WHAT YOU WILL DO
Exact copy, no pictures: every line from the one that contains "Gucci Striped Polo" through the end of the data below, and nothing else.

SUPPLIED INFORMATION
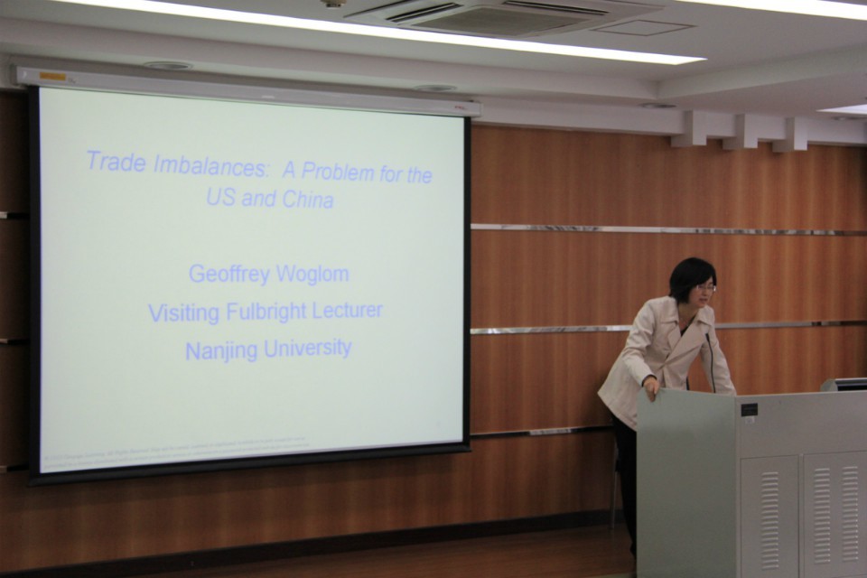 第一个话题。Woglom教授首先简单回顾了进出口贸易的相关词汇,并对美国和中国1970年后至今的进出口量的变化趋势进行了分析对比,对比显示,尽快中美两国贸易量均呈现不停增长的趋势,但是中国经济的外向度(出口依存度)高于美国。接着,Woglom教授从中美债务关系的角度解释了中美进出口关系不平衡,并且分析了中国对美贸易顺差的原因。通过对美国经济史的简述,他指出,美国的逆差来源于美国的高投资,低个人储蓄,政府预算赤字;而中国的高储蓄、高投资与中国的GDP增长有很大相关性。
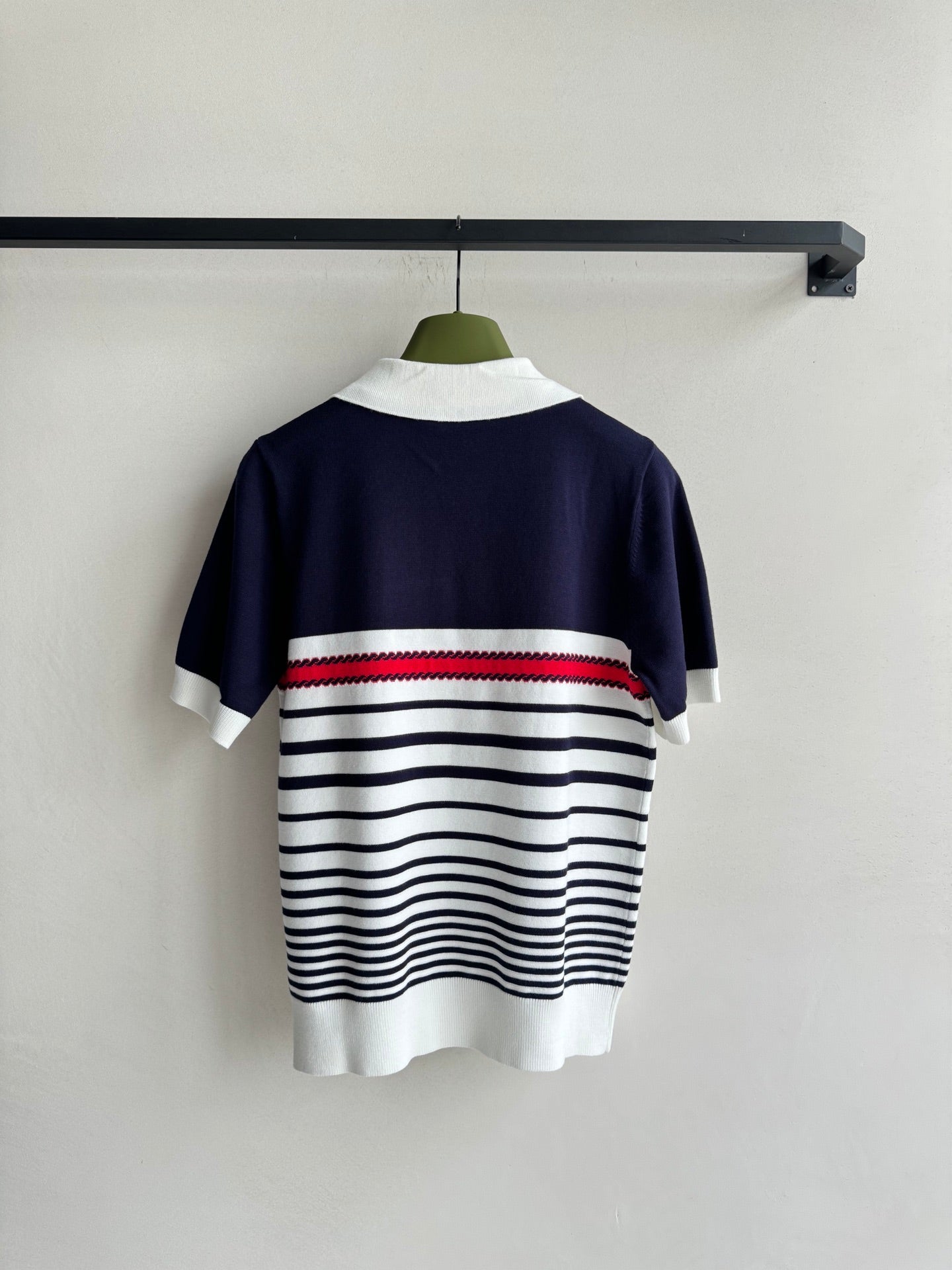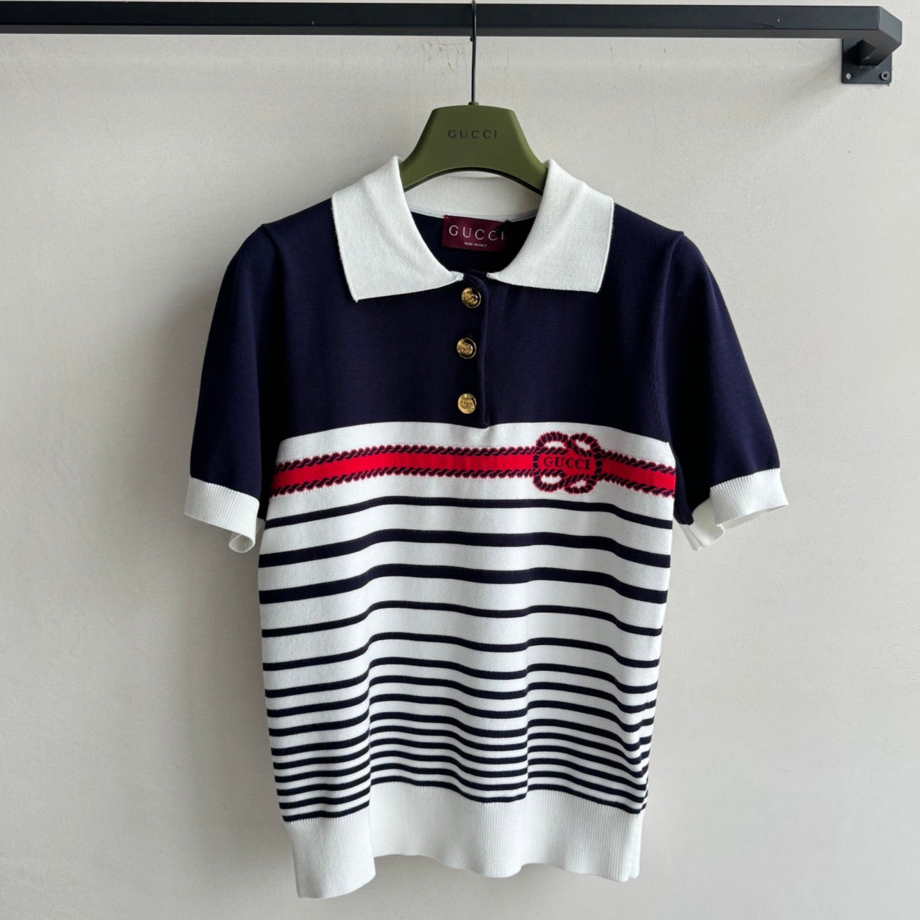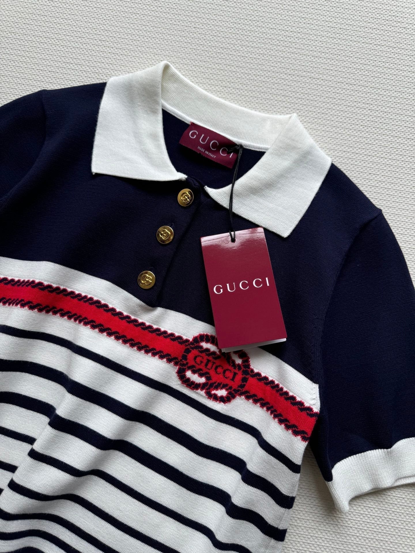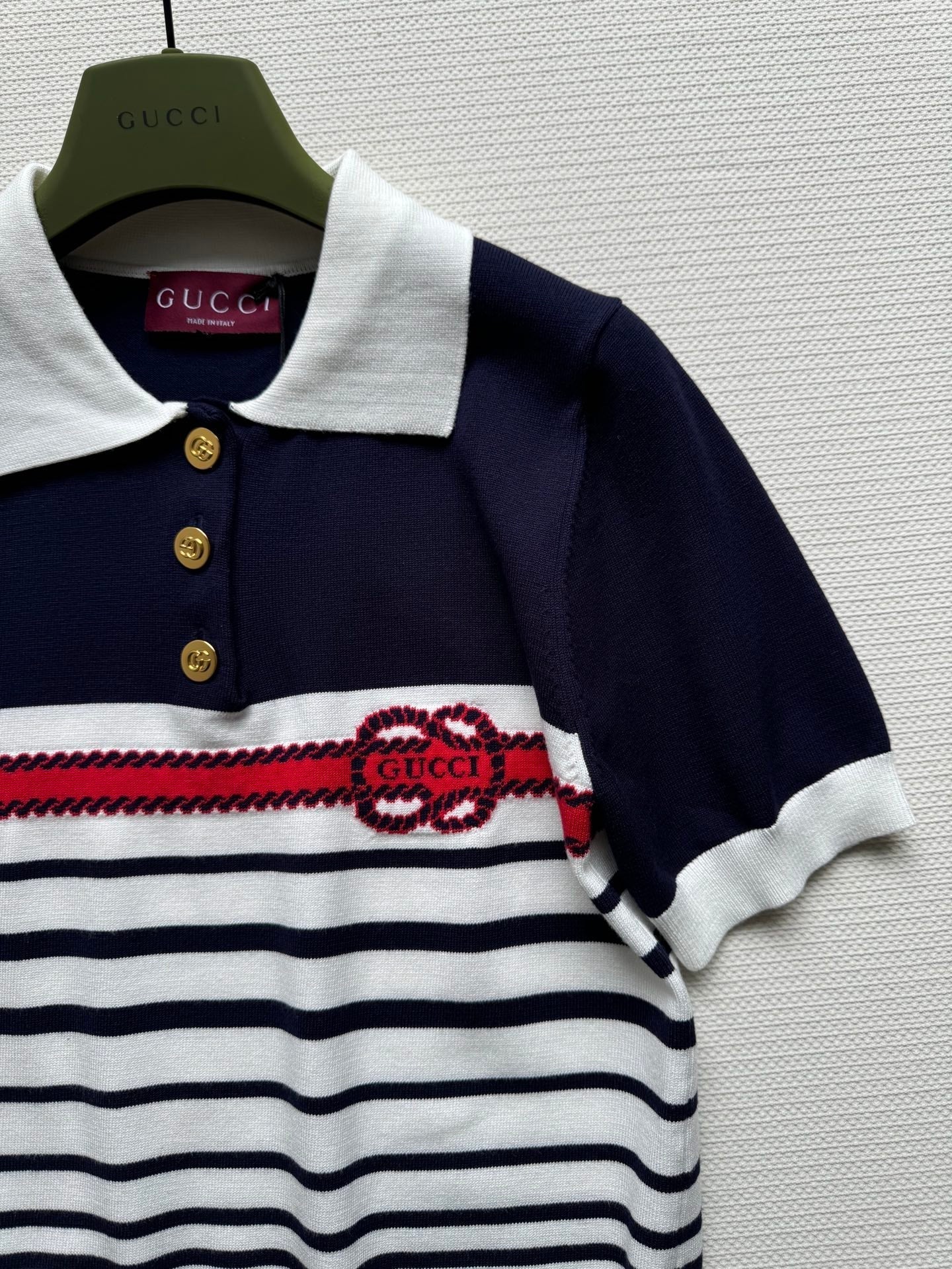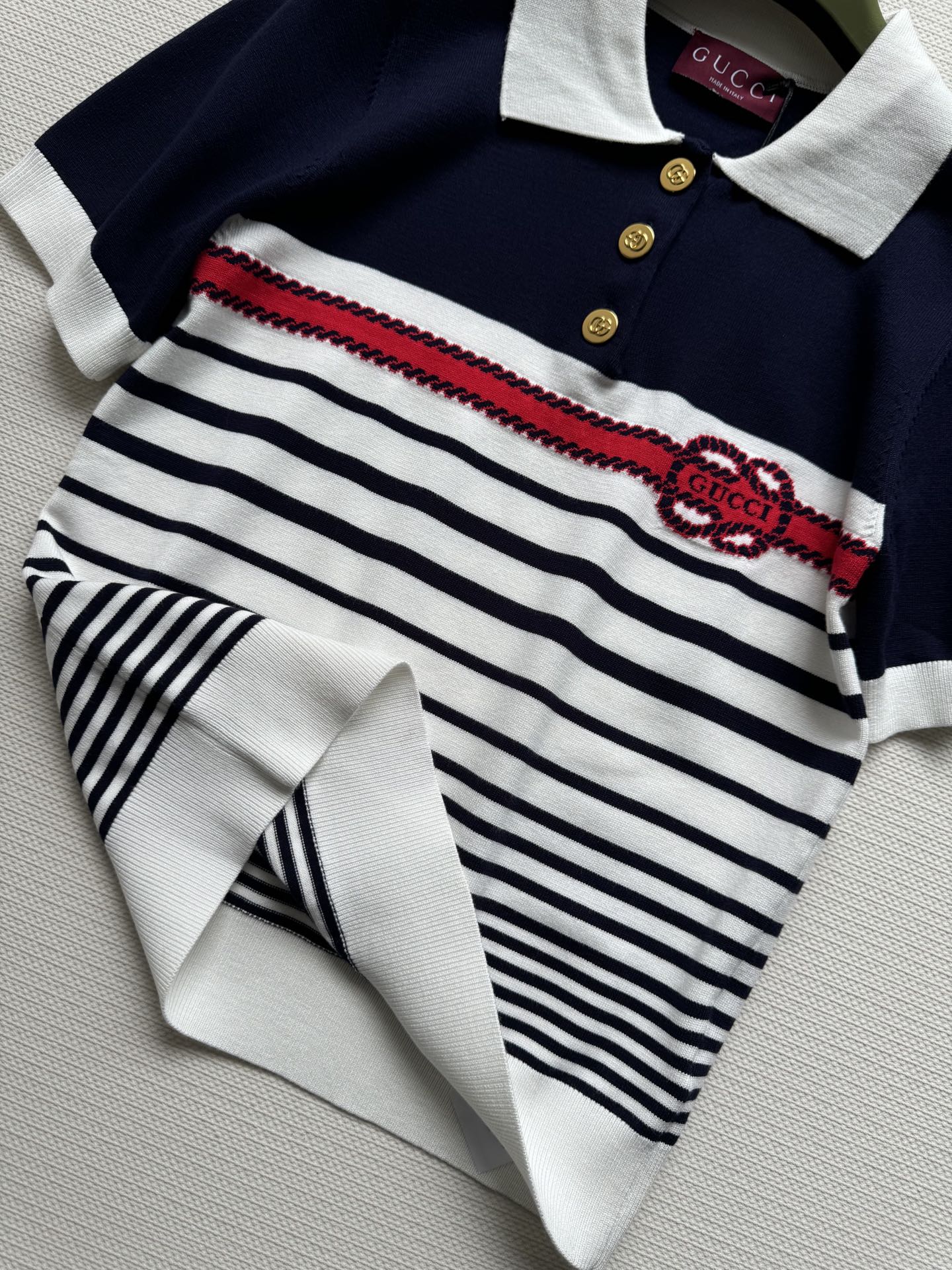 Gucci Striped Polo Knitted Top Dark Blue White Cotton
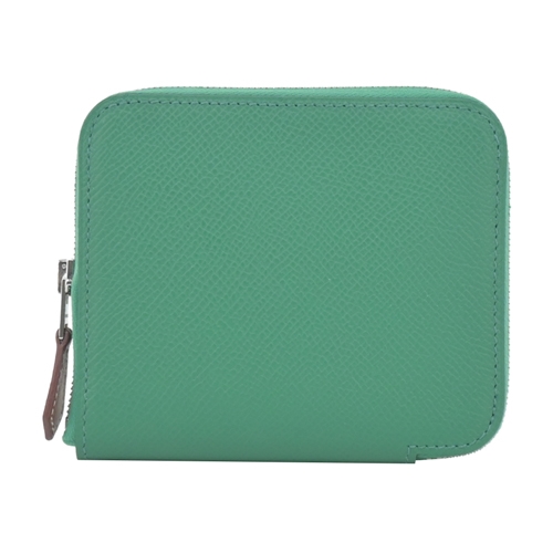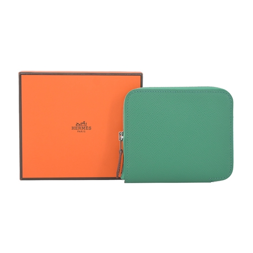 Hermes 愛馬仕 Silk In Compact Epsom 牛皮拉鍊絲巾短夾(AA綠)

EXERCISE SOLUTION
 Gucci Striped Polo Knitted Top Dark Blue White Cotton
 Hermes 愛馬仕 Silk In Compact Epsom 牛皮拉鍊絲巾短夾(AA綠)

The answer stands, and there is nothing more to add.